Make an exact copy of all the records, one that contains none of the pictures.

## [Records from a collection]

● ● ● ● ●

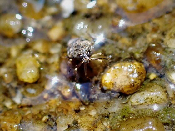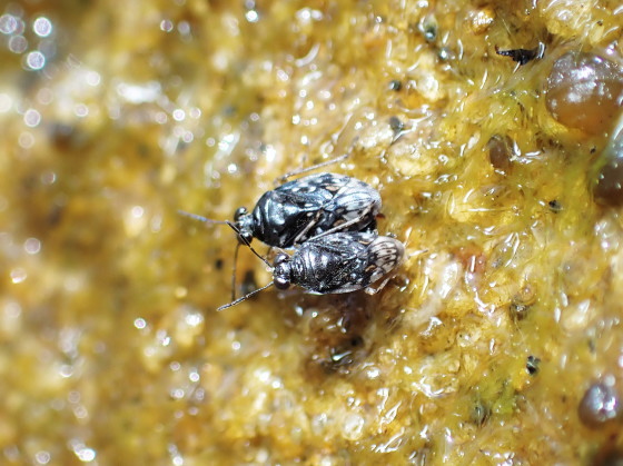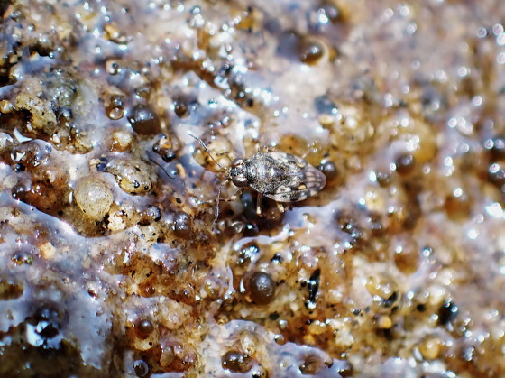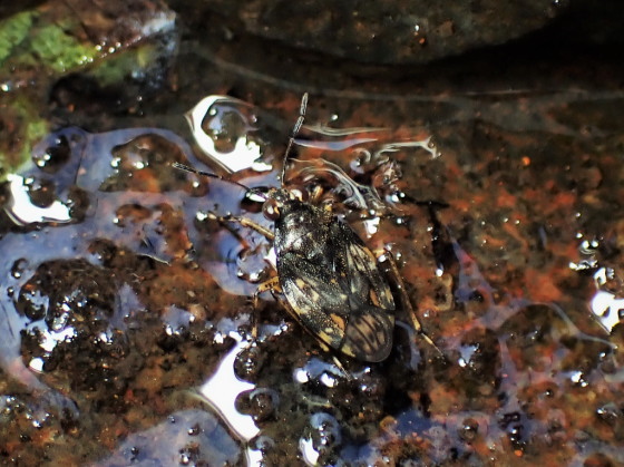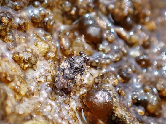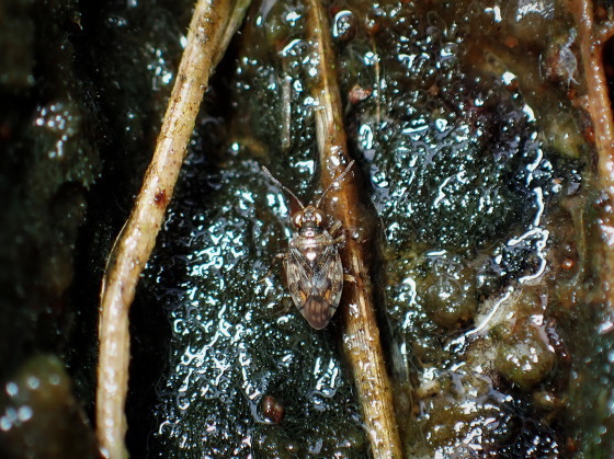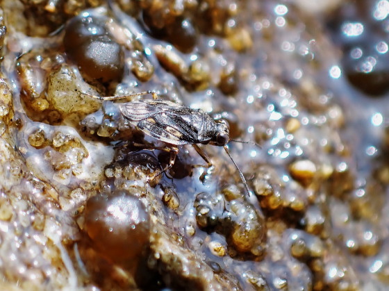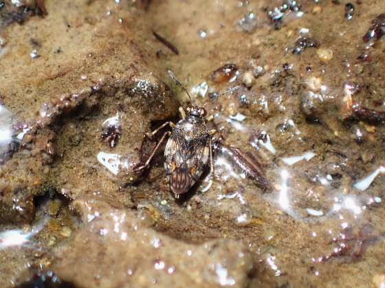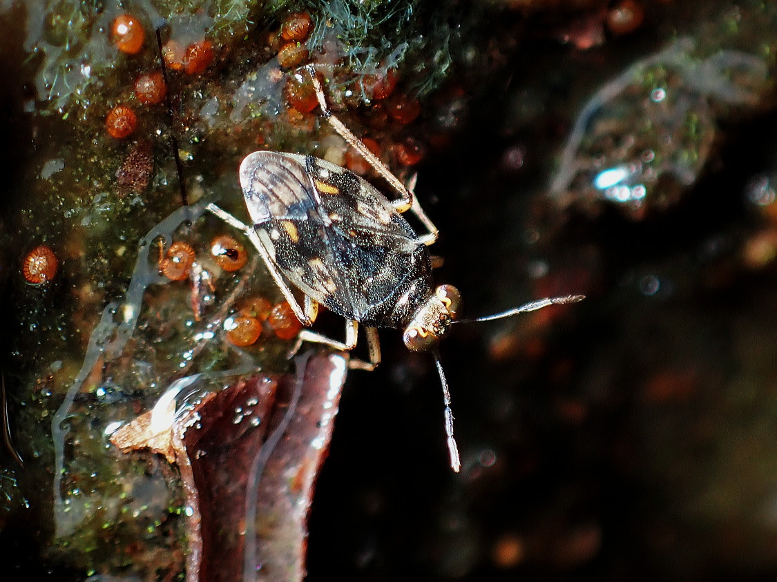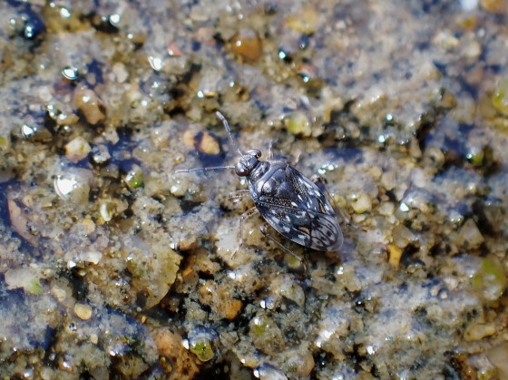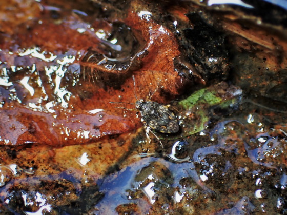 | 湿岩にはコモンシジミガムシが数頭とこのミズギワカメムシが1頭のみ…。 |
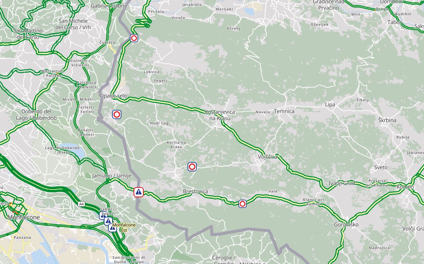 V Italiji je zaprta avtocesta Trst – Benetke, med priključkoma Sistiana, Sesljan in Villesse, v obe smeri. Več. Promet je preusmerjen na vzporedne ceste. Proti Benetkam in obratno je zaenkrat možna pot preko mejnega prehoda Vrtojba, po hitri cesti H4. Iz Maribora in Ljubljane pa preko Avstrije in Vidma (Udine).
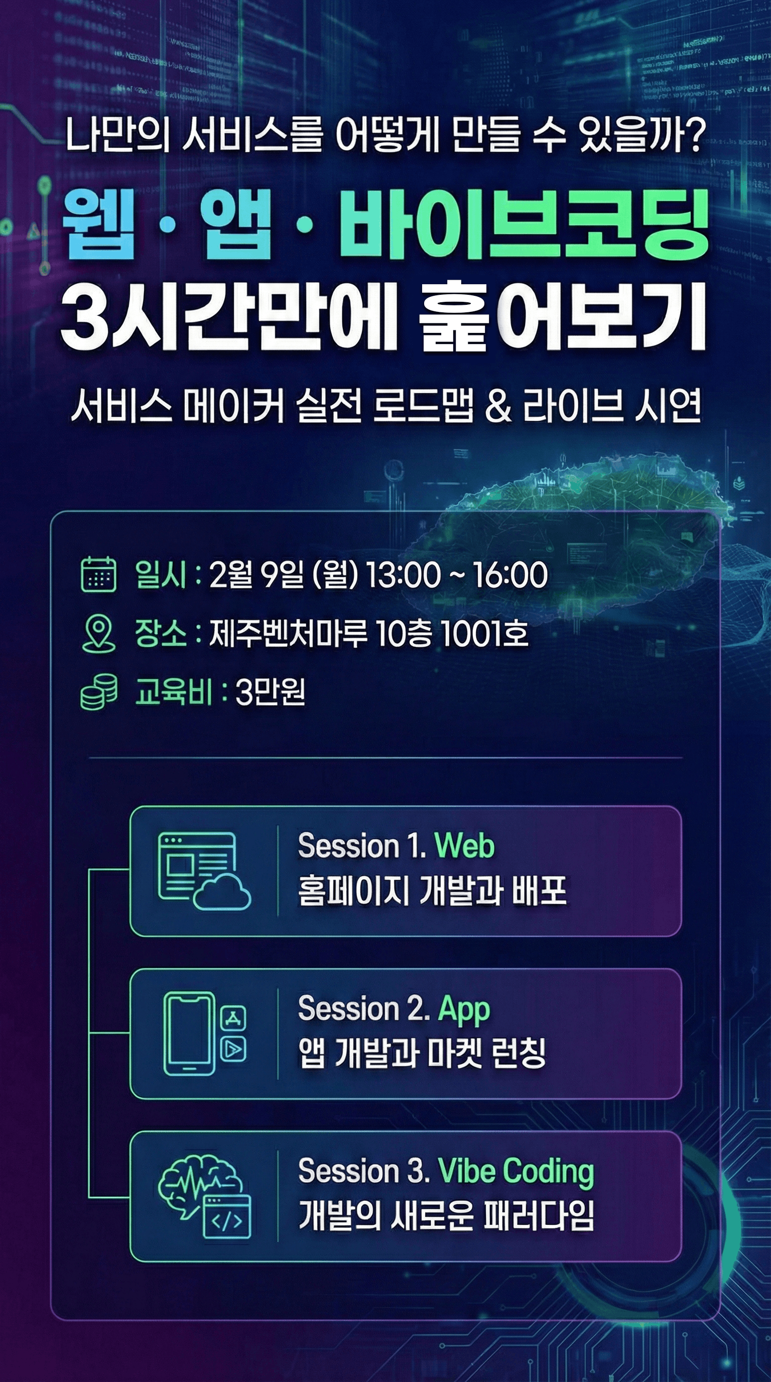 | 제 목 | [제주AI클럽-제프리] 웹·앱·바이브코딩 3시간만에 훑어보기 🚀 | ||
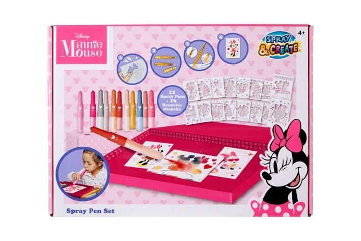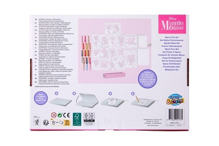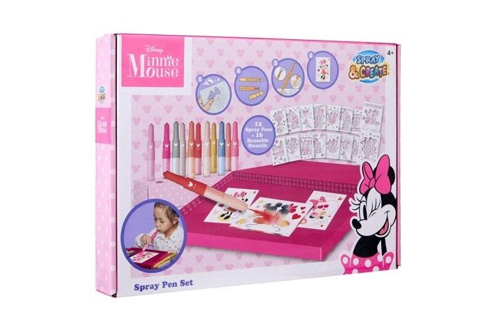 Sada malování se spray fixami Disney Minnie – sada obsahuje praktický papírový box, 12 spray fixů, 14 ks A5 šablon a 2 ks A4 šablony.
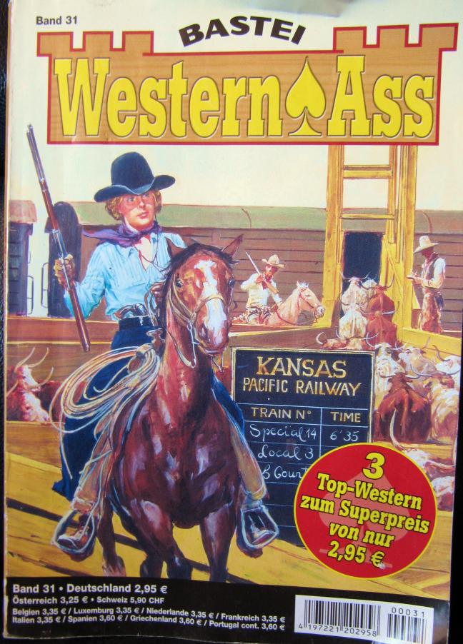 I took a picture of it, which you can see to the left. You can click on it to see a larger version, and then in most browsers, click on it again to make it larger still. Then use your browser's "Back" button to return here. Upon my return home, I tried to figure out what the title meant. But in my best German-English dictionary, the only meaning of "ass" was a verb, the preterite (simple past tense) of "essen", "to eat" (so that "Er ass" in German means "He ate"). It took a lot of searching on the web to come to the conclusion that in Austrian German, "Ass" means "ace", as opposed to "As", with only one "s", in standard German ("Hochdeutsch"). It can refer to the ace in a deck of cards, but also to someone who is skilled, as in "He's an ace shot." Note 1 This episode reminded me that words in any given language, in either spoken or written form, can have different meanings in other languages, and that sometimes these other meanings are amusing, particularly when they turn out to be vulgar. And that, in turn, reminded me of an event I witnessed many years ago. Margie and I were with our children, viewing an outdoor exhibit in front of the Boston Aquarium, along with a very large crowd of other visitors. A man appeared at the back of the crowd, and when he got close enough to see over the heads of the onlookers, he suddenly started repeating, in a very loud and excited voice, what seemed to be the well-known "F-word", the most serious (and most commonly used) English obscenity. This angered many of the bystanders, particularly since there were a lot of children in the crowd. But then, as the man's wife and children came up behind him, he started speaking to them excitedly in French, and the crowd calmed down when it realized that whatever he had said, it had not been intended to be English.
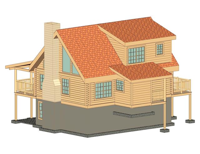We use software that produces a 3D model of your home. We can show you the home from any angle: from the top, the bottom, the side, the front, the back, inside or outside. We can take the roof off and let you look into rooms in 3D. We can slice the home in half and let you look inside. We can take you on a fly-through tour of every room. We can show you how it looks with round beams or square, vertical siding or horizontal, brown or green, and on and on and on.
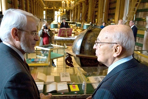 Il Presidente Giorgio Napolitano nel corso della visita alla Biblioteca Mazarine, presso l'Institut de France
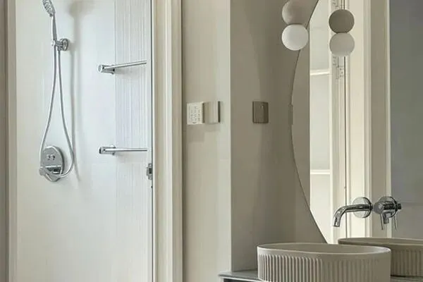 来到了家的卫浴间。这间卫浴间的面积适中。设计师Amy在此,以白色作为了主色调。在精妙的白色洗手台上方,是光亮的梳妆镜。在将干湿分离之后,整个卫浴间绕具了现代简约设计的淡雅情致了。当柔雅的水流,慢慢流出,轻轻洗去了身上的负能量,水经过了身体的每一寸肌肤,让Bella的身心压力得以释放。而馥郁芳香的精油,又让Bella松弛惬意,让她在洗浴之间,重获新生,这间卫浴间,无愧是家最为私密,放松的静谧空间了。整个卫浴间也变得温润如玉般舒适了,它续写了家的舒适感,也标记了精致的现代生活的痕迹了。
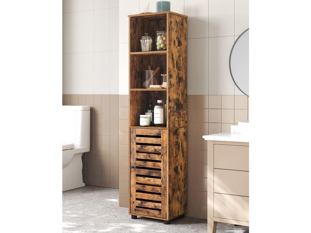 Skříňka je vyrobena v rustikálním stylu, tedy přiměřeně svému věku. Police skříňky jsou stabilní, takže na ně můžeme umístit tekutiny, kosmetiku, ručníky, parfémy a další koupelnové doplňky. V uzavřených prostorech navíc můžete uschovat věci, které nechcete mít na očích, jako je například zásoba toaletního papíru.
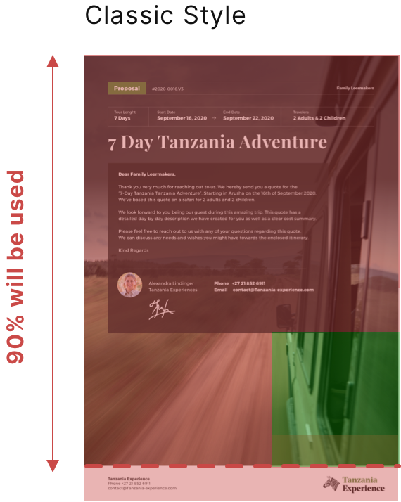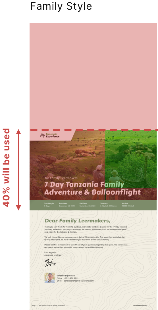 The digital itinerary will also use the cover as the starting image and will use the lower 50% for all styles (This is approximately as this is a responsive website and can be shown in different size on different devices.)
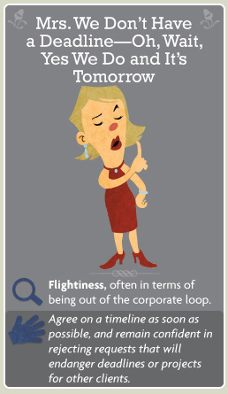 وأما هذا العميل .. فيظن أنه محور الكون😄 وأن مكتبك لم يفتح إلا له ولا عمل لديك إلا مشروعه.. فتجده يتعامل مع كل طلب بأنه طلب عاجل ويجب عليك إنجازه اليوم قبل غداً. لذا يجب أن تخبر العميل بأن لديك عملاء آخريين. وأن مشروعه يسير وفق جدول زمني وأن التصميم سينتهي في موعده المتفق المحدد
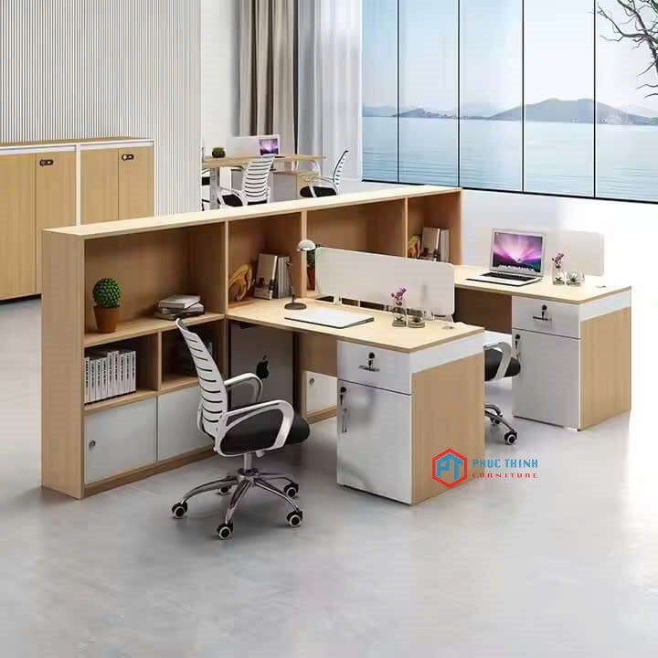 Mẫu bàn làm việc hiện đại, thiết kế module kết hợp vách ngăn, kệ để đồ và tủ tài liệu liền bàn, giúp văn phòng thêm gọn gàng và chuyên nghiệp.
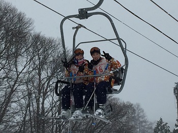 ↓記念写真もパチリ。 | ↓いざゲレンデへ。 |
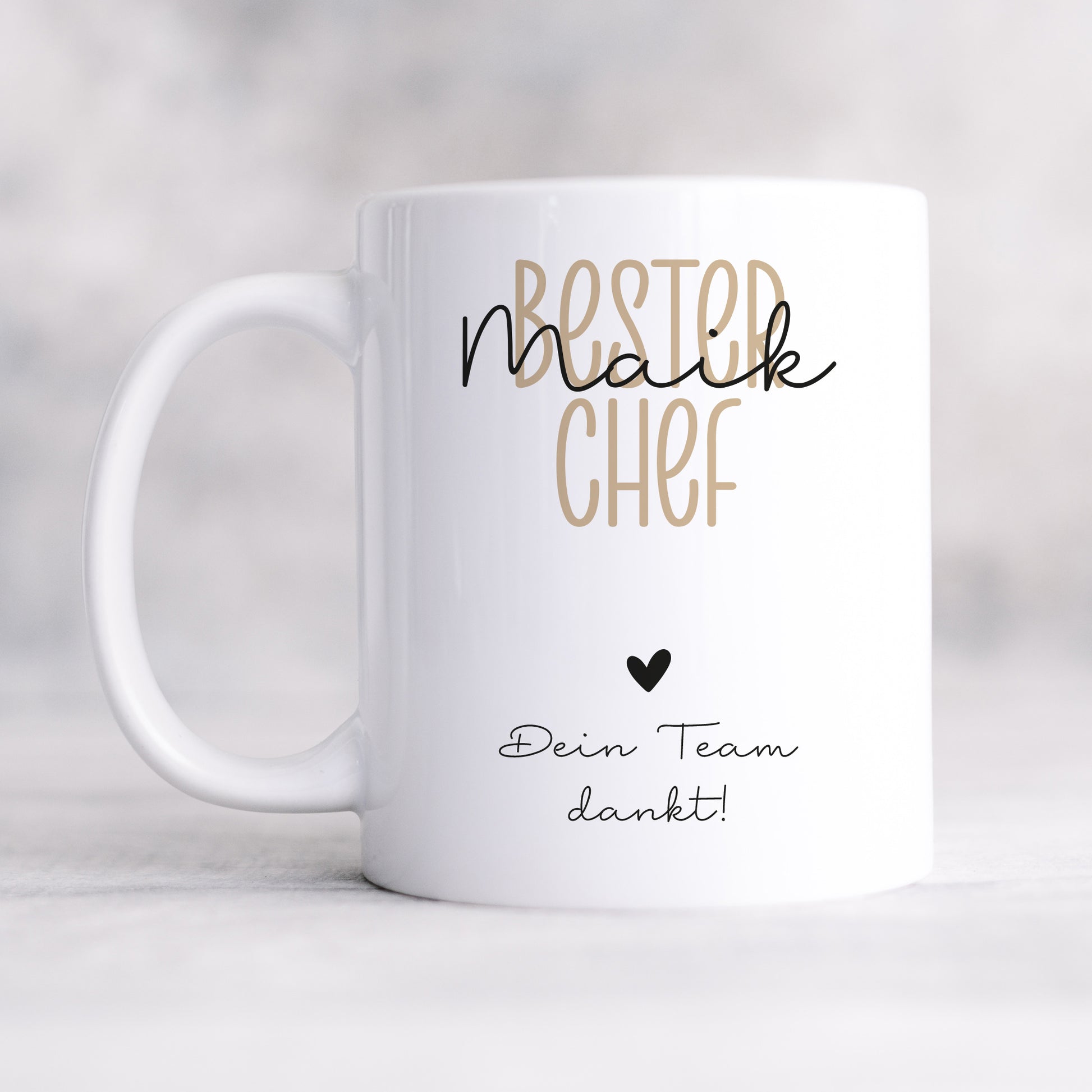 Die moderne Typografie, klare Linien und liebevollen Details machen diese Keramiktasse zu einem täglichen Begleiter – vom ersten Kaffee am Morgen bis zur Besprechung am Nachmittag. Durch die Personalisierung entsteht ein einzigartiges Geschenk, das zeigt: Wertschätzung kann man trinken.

● ● ● ● ●

## [Exercise solution]
 | 湿岩にはコモンシジミガムシが数頭とこのミズギワカメムシが1頭のみ…。 |
 V Italiji je zaprta avtocesta Trst – Benetke, med priključkoma Sistiana, Sesljan in Villesse, v obe smeri. Več. Promet je preusmerjen na vzporedne ceste. Proti Benetkam in obratno je zaenkrat možna pot preko mejnega prehoda Vrtojba, po hitri cesti H4. Iz Maribora in Ljubljane pa preko Avstrije in Vidma (Udine).
 | 제 목 | [제주AI클럽-제프리] 웹·앱·바이브코딩 3시간만에 훑어보기 🚀 | ||
 Sada malování se spray fixami Disney Minnie – sada obsahuje praktický papírový box, 12 spray fixů, 14 ks A5 šablon a 2 ks A4 šablony.
 I took a picture of it, which you can see to the left. You can click on it to see a larger version, and then in most browsers, click on it again to make it larger still. Then use your browser's "Back" button to return here. Upon my return home, I tried to figure out what the title meant. But in my best German-English dictionary, the only meaning of "ass" was a verb, the preterite (simple past tense) of "essen", "to eat" (so that "Er ass" in German means "He ate"). It took a lot of searching on the web to come to the conclusion that in Austrian German, "Ass" means "ace", as opposed to "As", with only one "s", in standard German ("Hochdeutsch"). It can refer to the ace in a deck of cards, but also to someone who is skilled, as in "He's an ace shot." Note 1 This episode reminded me that words in any given language, in either spoken or written form, can have different meanings in other languages, and that sometimes these other meanings are amusing, particularly when they turn out to be vulgar. And that, in turn, reminded me of an event I witnessed many years ago. Margie and I were with our children, viewing an outdoor exhibit in front of the Boston Aquarium, along with a very large crowd of other visitors. A man appeared at the back of the crowd, and when he got close enough to see over the heads of the onlookers, he suddenly started repeating, in a very loud and excited voice, what seemed to be the well-known "F-word", the most serious (and most commonly used) English obscenity. This angered many of the bystanders, particularly since there were a lot of children in the crowd. But then, as the man's wife and children came up behind him, he started speaking to them excitedly in French, and the crowd calmed down when it realized that whatever he had said, it had not been intended to be English.
We use software that produces a 3D model of your home. We can show you the home from any angle: from the top, the bottom, the side, the front, the back, inside or outside. We can take the roof off and let you look into rooms in 3D. We can slice the home in half and let you look inside. We can take you on a fly-through tour of every room. We can show you how it looks with round beams or square, vertical siding or horizontal, brown or green, and on and on and on.
 Il Presidente Giorgio Napolitano nel corso della visita alla Biblioteca Mazarine, presso l'Institut de France
 来到了家的卫浴间。这间卫浴间的面积适中。设计师Amy在此,以白色作为了主色调。在精妙的白色洗手台上方,是光亮的梳妆镜。在将干湿分离之后,整个卫浴间绕具了现代简约设计的淡雅情致了。当柔雅的水流,慢慢流出,轻轻洗去了身上的负能量,水经过了身体的每一寸肌肤,让Bella的身心压力得以释放。而馥郁芳香的精油,又让Bella松弛惬意,让她在洗浴之间,重获新生,这间卫浴间,无愧是家最为私密,放松的静谧空间了。整个卫浴间也变得温润如玉般舒适了,它续写了家的舒适感,也标记了精致的现代生活的痕迹了。
 Skříňka je vyrobena v rustikálním stylu, tedy přiměřeně svému věku. Police skříňky jsou stabilní, takže na ně můžeme umístit tekutiny, kosmetiku, ručníky, parfémy a další koupelnové doplňky. V uzavřených prostorech navíc můžete uschovat věci, které nechcete mít na očích, jako je například zásoba toaletního papíru.
 The digital itinerary will also use the cover as the starting image and will use the lower 50% for all styles (This is approximately as this is a responsive website and can be shown in different size on different devices.)
 وأما هذا العميل .. فيظن أنه محور الكون😄 وأن مكتبك لم يفتح إلا له ولا عمل لديك إلا مشروعه.. فتجده يتعامل مع كل طلب بأنه طلب عاجل ويجب عليك إنجازه اليوم قبل غداً. لذا يجب أن تخبر العميل بأن لديك عملاء آخريين. وأن مشروعه يسير وفق جدول زمني وأن التصميم سينتهي في موعده المتفق المحدد
 Mẫu bàn làm việc hiện đại, thiết kế module kết hợp vách ngăn, kệ để đồ và tủ tài liệu liền bàn, giúp văn phòng thêm gọn gàng và chuyên nghiệp.
 ↓記念写真もパチリ。 | ↓いざゲレンデへ。 |
 Die moderne Typografie, klare Linien und liebevollen Details machen diese Keramiktasse zu einem täglichen Begleiter – vom ersten Kaffee am Morgen bis zur Besprechung am Nachmittag. Durch die Personalisierung entsteht ein einzigartiges Geschenk, das zeigt: Wertschätzung kann man trinken.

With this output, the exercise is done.